Published online by Cambridge University Press: 05 September 2012
In the years after the First World War, democratic revisionists waged a war for the soul and the future of the international socialist movement. Confronted with an exhausted orthodox Marxism and a rising radical right, the sharpest revisionists developed a new strategy for the left based on state control of the market and communitarian appeals. Although these insurgents gained followers in countries across Europe, they were unable to capture control of any major socialist party on the continent. Only in Scandinavia – and particularly in Sweden – did socialists embrace the new course wholeheartedly. And it was thus only in Sweden that socialists were able to outmaneuver the radical right and cement a stable majority coalition, escaping the collapse of the left and democracy that occurred elsewhere in Europe. The key to understanding the Swedish SAP's remarkable success in the interwar years lies in the triumph of democratic revisionism several decades earlier.

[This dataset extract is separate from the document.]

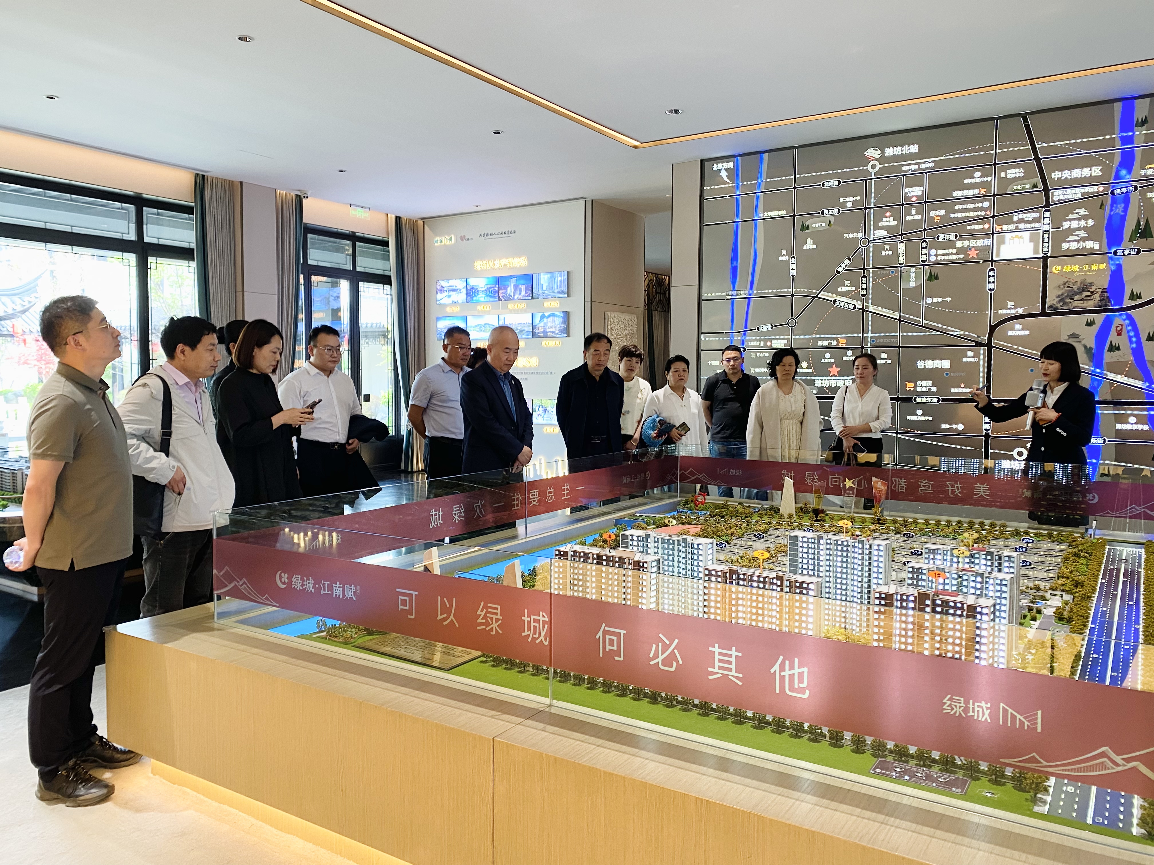 活动伊始,与会企业家们先在绿城·江南赋项目售楼处集合,参观并了解了该项目的详细情况。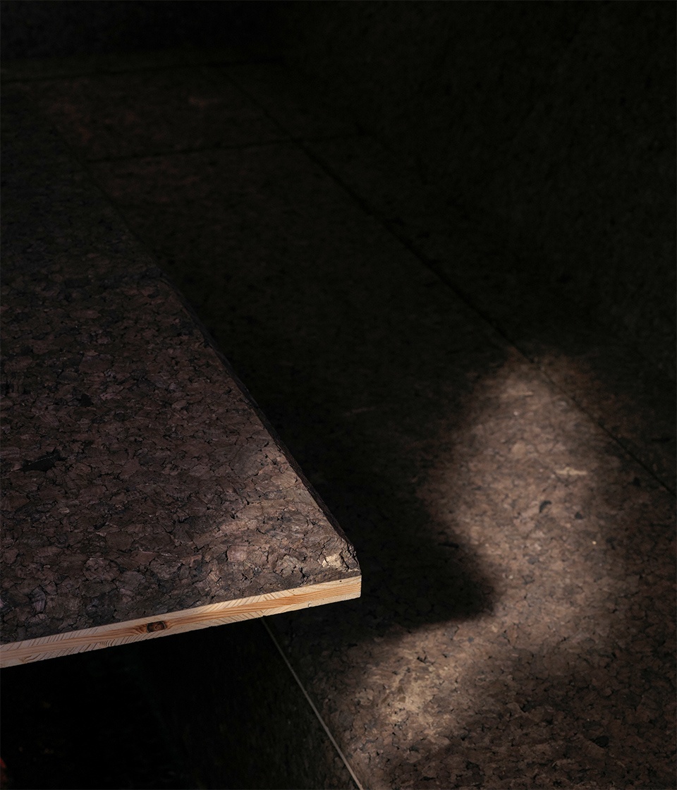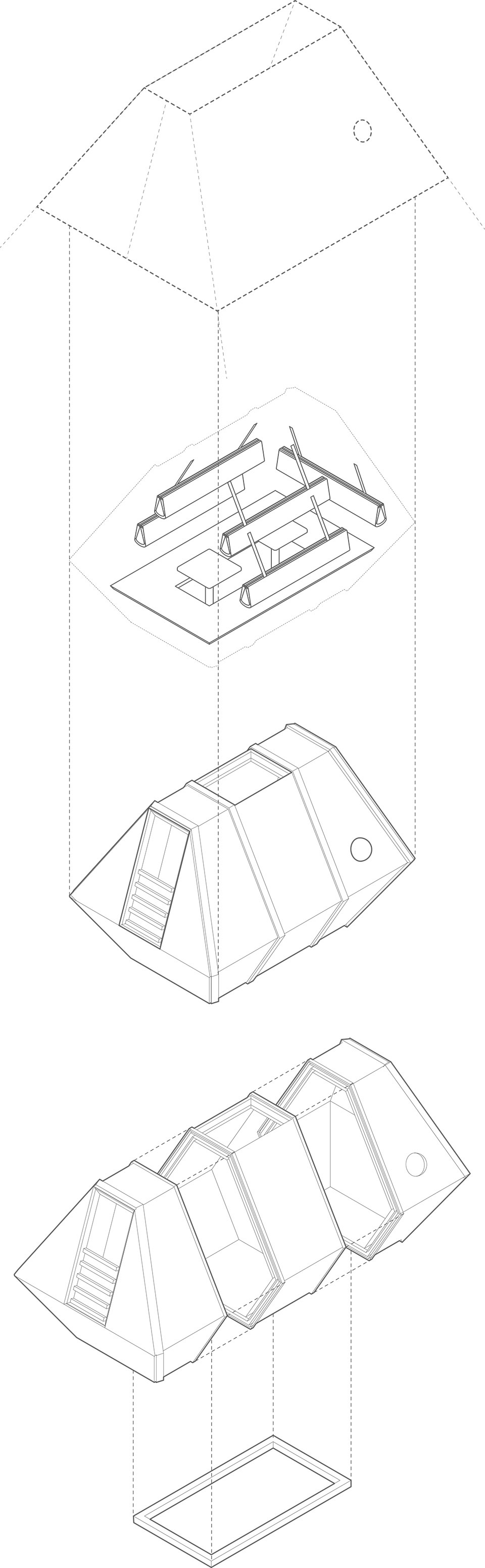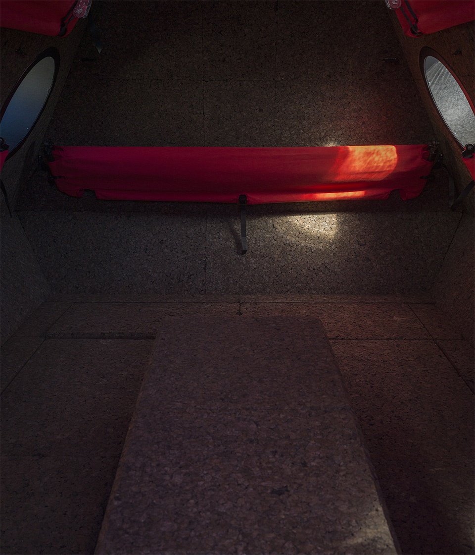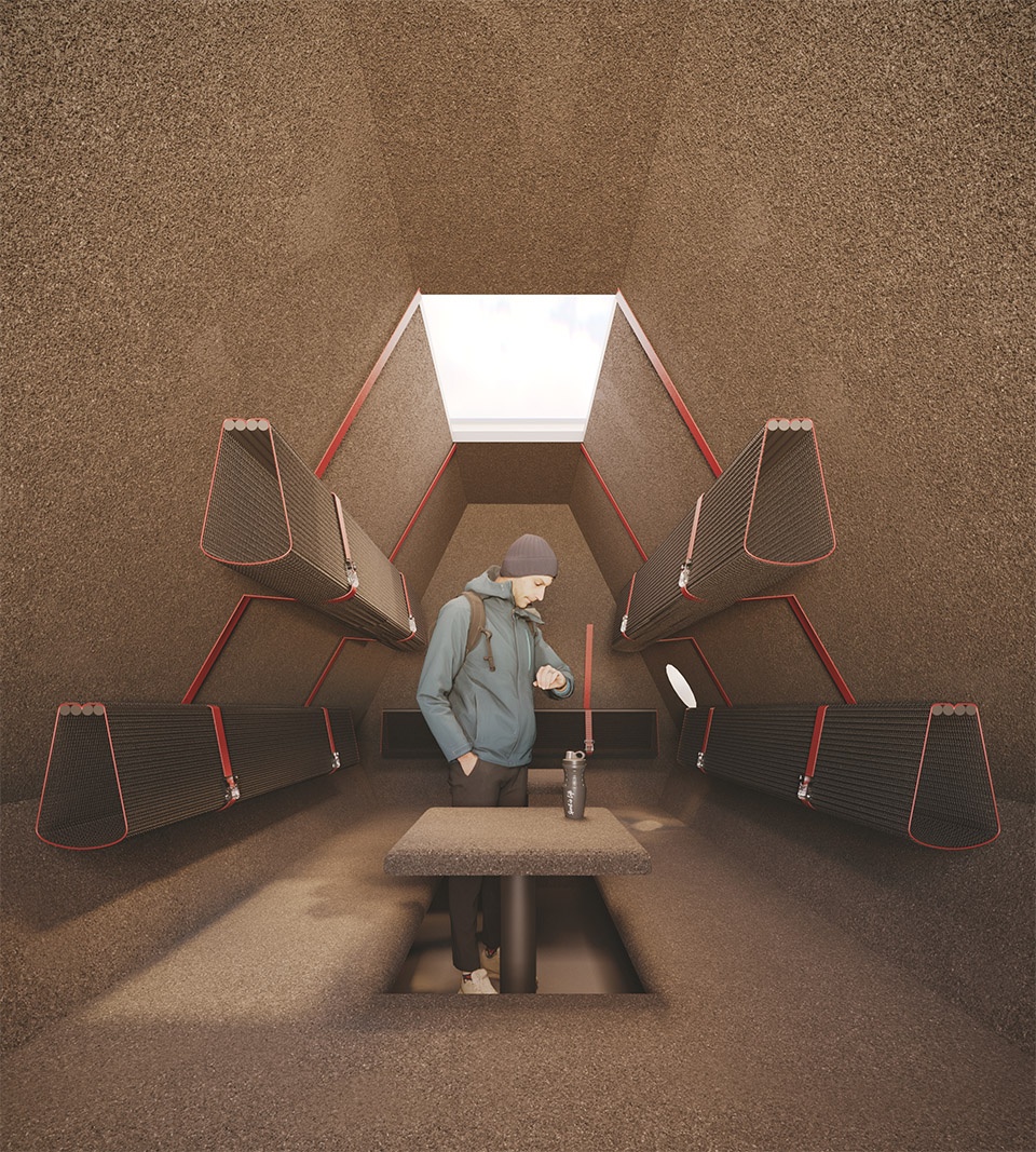 庇护所可容纳9人,设有环形长凳与可折叠床铺。其灵感来自登山用的悬挂睡台,并可在紧急情况下转化为担架。这展现了它既是避难所又是生存工具的双重身份:一座人类在极端环境中的“驿站”。内部由顶部采光,呈现丰富的感官体验:软木的气味、被包裹的静谧,以及天窗与舷窗间滤入的光线,共同营造出一种悬浮、几近冥想的氛围。

Democratic Revisionism in Sweden
From its inception, the SAP's view of Marxism was flexible and undogmatic, a stance facilitated by the party's peripheral position in the international socialist movement and by the long-term leadership of Hjalmar Branting (the SAP's leader from its founding in 1889 to his death in 1925). Branting was a democratic revisionist through and through, and, having started his career in liberal circles, his views were shaped by his continuing relationship with them; this not only allowed for extensive cooperation between socialists and liberals, but also manifested itself in Branting's conviction that socialism was the next logical step toward liberalism's completion.